There are people who love what you love.

When I thought about writing this post, I immediately thought of that quote by Wil Wheaton (coincidentally a Star Trek actor) which I posted above. Cons are where you find those people who love the same stuff that you do and you all are there celebrating the way that you love it. It’s pretty cool to be able to wear a shirt that has weaving shuttles all over it and have someone stop dead in the hallway and say “That’s so awesome!” and not “What the $%# is on your shirt?” It’s fun to be a part of a tribe.

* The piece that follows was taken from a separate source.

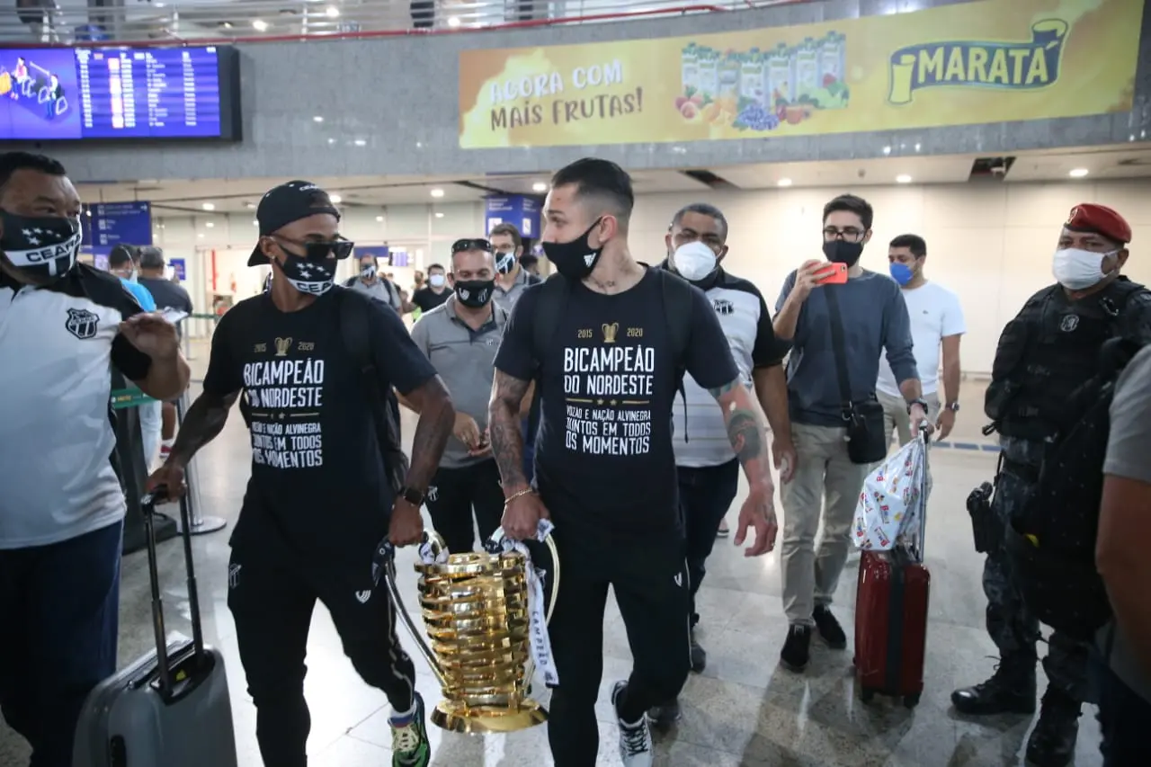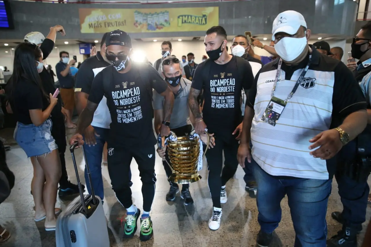 O Ceará desembarcou agora à pouco no Aeroporto Internacional de Fortaleza, após conquistar ontem de forma invicta a Copa do Nordeste em Salvador (BA). E os jogadores do Vovô, orgulhosos da conquista, desembarcaram com a taça na mão, a carregando, com Vinícius e Matheus Gonçalves.

That’s kind of the whole philosophy behind my Etsy shop, honestly. I am a fiber art geek and I make things for other fiber art geeks. That’s what makes it fun. I don’t do it because it is fun sewing dozens of zipper bags (that is super boring, I will be honest). My job is making things that help people celebrate the things that they love. That’s fun.

Have you ever been to a conference focused on a particular theme that is near-and-dear to your heart? I had a great time at both places and it was great to be a geek along with all of the other geeks. It wouldn’t be as much fun if we weren’t all there together.